AMU Editor's Pick Homeland Security Intelligence Middle East Terrorism

ISIS Expands Beyond Syria and Iraq

By John Ubaldi
Contributor, In Homeland Security

Since the rise of ISIS last year and its rapid seizure of Syrian and Iraqi territory—including the stunning takeover of Mosul, the terror group continues to expand its reach beyond its central geographic base.

In the past few days, ISIS has allegedly carried out terror attacks in Jalalabad and Afghanistan, according to Afghan President Ashraf Ghani.ISIS

If this development wasn’t ominous enough, ISIS operatives executed two separate groups of Ethiopian Christians inside Libya. Since President Obama sent Congress his Authorization to Use Military Force (AUMF) back in February, the president has been preoccupied with securing a nuclear accord with Iran, while leaving others to deal with ISIS.

The president and his administration now have very complex challenges to deal with, first, how to confront ISIS; and the other, an expansionist Iran throughout the Middle East.

On Monday, the Defense Department dispatched a U.S. aircraft carrier to join other American naval forces in an attempt to prevent Iranian shipments of weapons to Houthi rebels in Yemen.

It has been confirmed by the Navy that the USS Theodore Roosevelt, and other escort ships including the USS Normandy, a guided-missile cruiser, have been diverted from the Persian Gulf and are now steaming toward the Arabian Sea to assist in the embargo.

Now the president has the added challenge of how he plans on confronting ISIS. Stephen Preston, the Pentagon’s top lawyer, states via the Daily Beast that the president wants “to tailor the authorities granted by the [original] AUMF to better fit the current fight and the strategy going forward,” signaling that the administration may no longer believe that Congress can pass a new authorization.

The critical problem for the U.S. is that the president still hasn’t articulated a coherent political strategy for how he plans on dealing with ISIS.

Just last week, Chairman of the Joint Chiefs of Staff downplayed ISIS’s advance and the strong possibility that Islamic forces will take the Iraqi city of Ramadi in Anbar Province. “I would much rather that Ramadi not fall, but it won’t be the end of a campaign should it fall.” This is in the backdrop, all the while highlighting the significance of the oil rich city of Baiji in the north.

“Baiji is part of the Iraqi oil infrastructure,” Dempsey said Thursday. “Once the Iraqis have full control of Baiji, they will control all of their oil infrastructure, both north and south, and deny ISIS the ability to generate revenue through oil.
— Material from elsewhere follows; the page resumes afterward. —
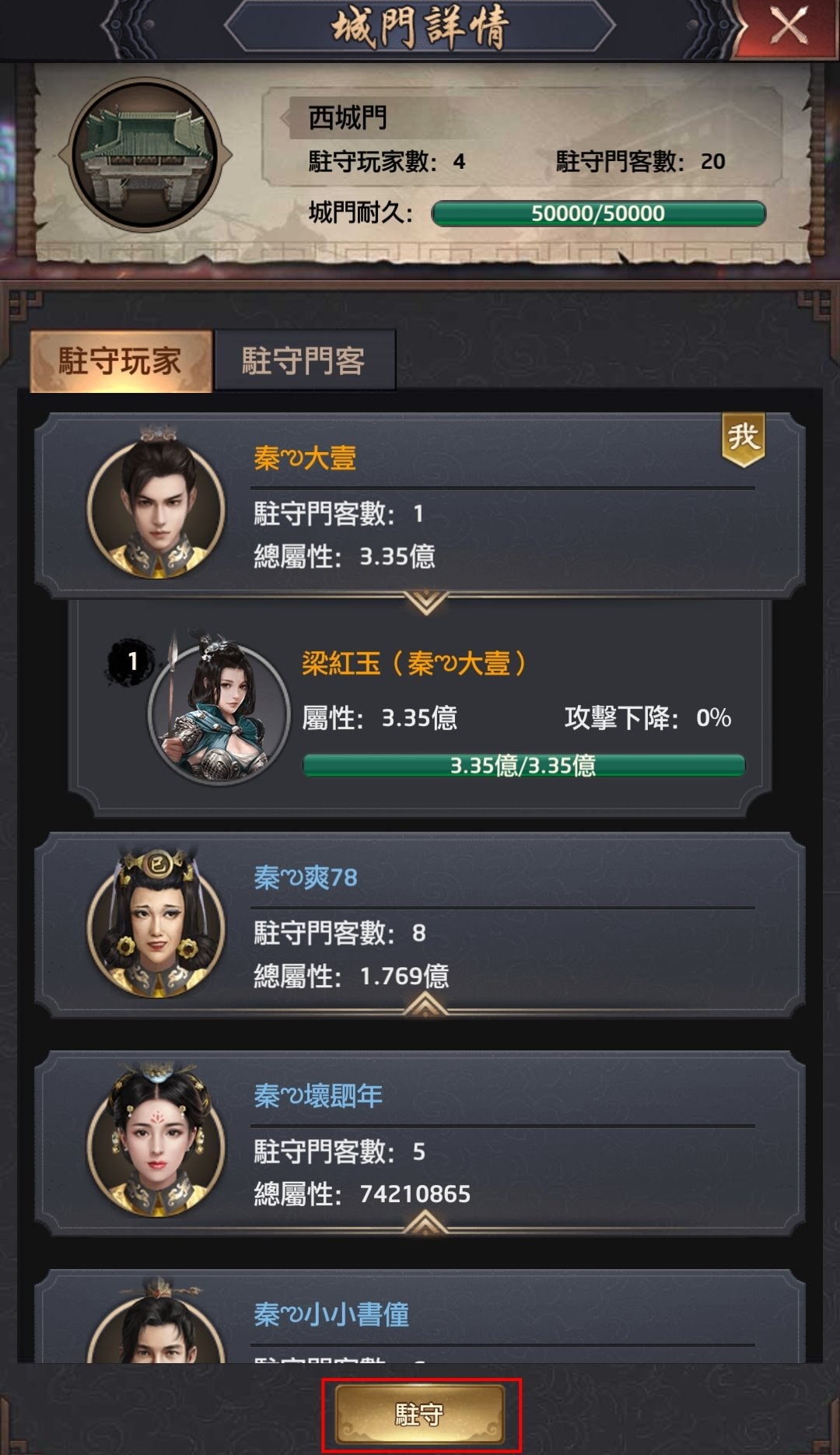 點進任何一個城門或主城,都可以看到盟友門客派遣的情形,點擊下方「駐守」則可以派遣門客防守。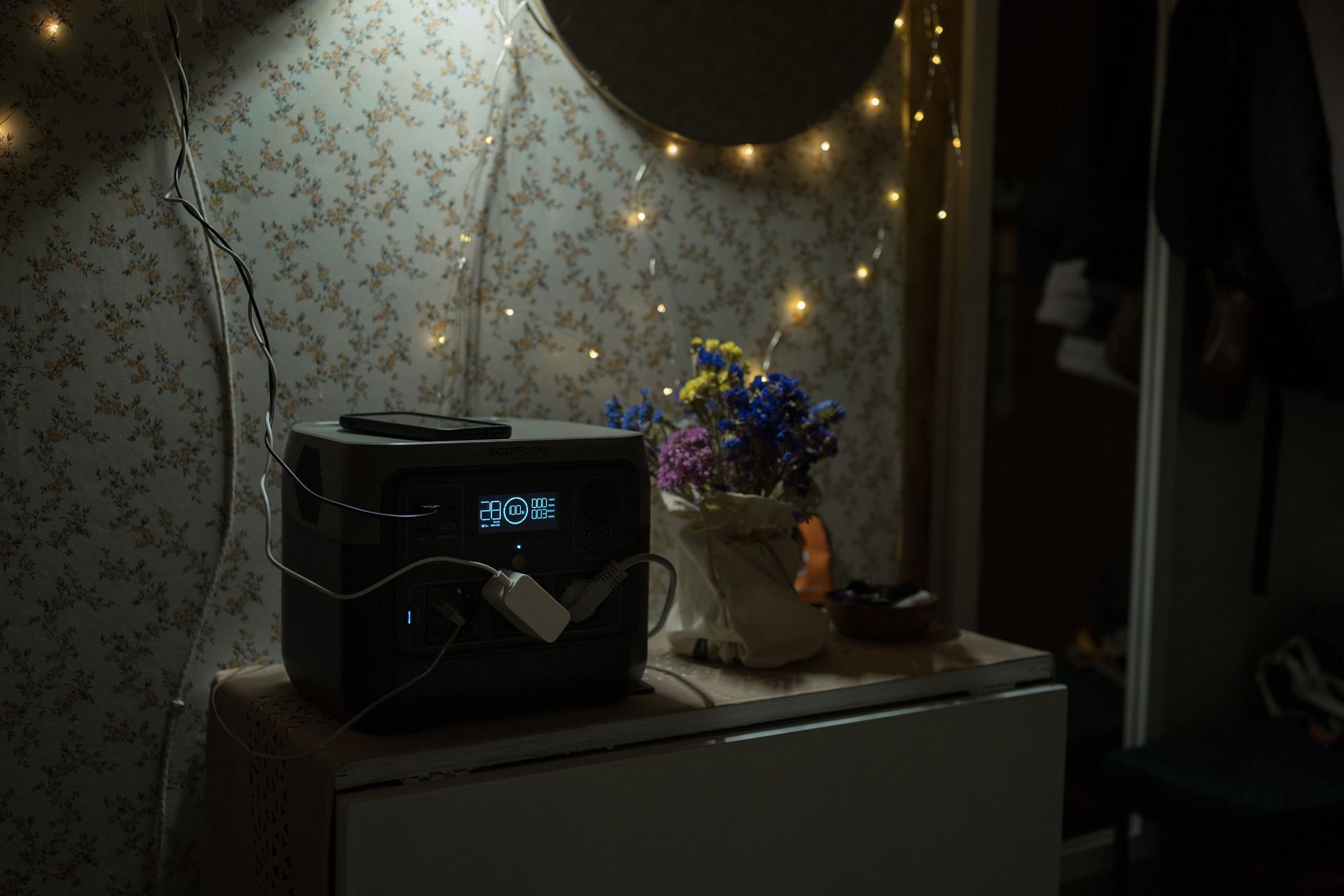 An EcoFlow portable power station is seen in Olena Bazylska’s apartment in Kyiv, Ukraine, on Jan. 13, 2026. (Elena Kalinichenko / The Kyiv Independent)

So Baiji is a more strategic target. And that is why the focus right now is in fact on Baiji.”

This contradicts the statements of Iraqi Prime Minister Haider al Abadi, who while visiting the United States called the operations in Anbar a priority. During his visit, al Abadi chastised Saudi Arabia and other Gulf states for failing to give more support to his embattled country in its fight against ISIS.
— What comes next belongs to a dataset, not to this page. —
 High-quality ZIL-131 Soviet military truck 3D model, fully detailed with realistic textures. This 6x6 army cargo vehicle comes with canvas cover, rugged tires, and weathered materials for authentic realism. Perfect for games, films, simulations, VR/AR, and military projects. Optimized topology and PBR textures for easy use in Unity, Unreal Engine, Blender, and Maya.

Last week al Abadi was in Washington seeking additional aid to fight the Islamic State for assistance, to help Iraq cope with the severe drop in oil prices, and to help in addressing his nation’s budget shortfalls.

President Obama has pledged $200 million in humanitarian aid, which doubles what Washington has given in the past.
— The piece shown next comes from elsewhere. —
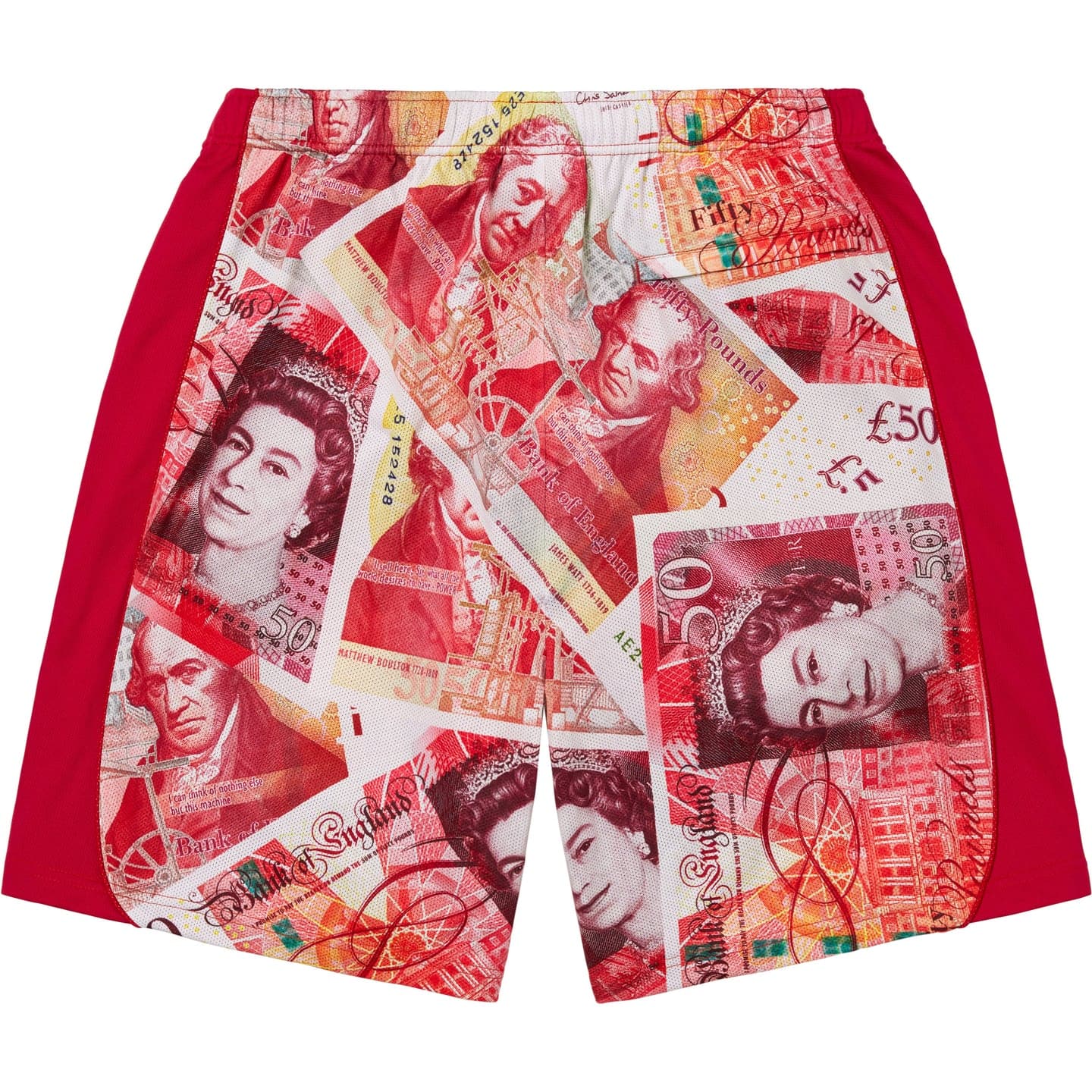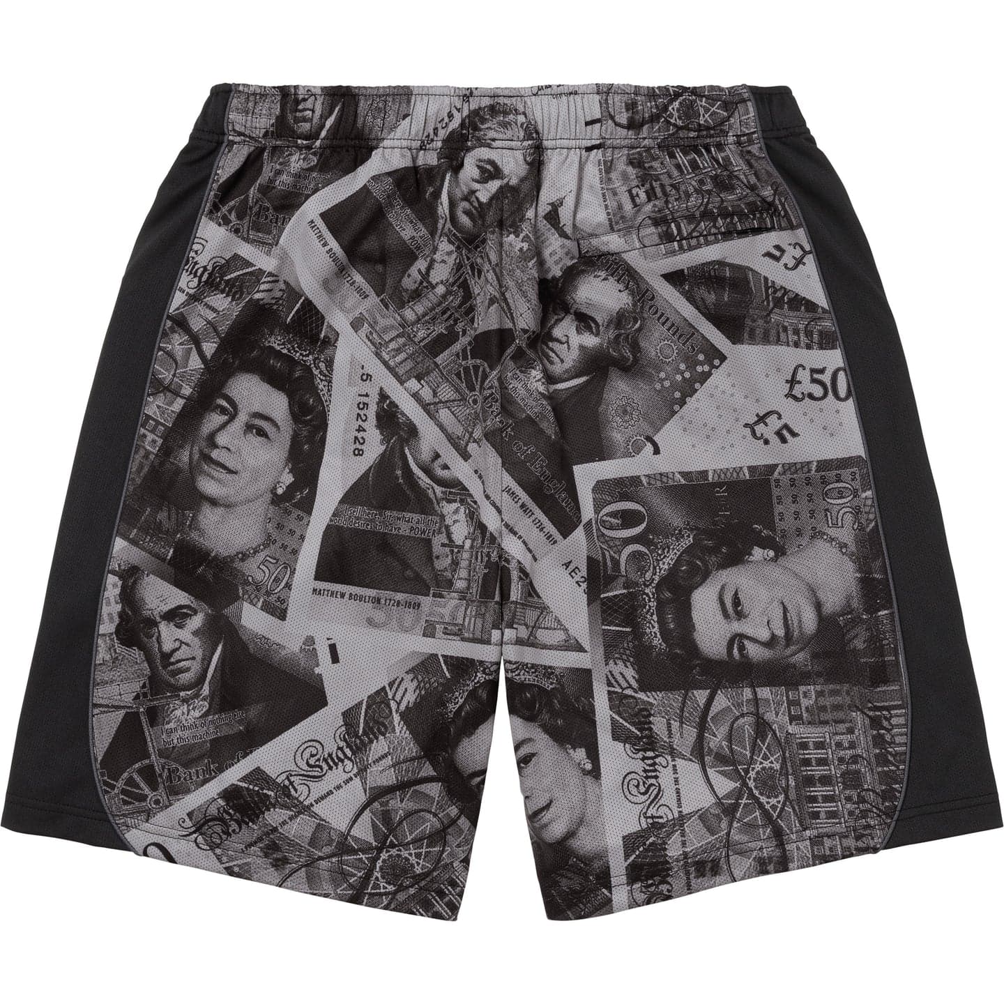 イギリスのポンド紙幣のデザインを総柄で落とし込んだポリエステル素材のサッカーショーツ。

Christopher Harmer, a military analyst at the Institute for the Study of War, a nonpartisan public policy group in Washington, said that the aid package could help Abadi’s fragile government.

“There are not a lot of people inside Iraq that see the government as being legitimate,” Harmer said. “Whether it is U.S. airstrikes, or Iranian ground forces, the Iraqi government has been completely emasculated because the forces making a difference against [Islamic State] are not led by Iraqis.”

The problem is that many of the Sunni Arab countries see the Iraqi leader as a surrogate of Iran, and view the threat from Tehran as the more pressing issue than anything emanating from ISIS.

The president must address both challenges simultaneously, but our allies in the region do not have confidence in the president, especially in light of the Iranian nuclear negotiations, and how President Obama has handled the crisis in the Middle East since taking office in 2009.

The president has two vexing decisions to make, and each has strategic political consequences for the U.S. and this troubled region.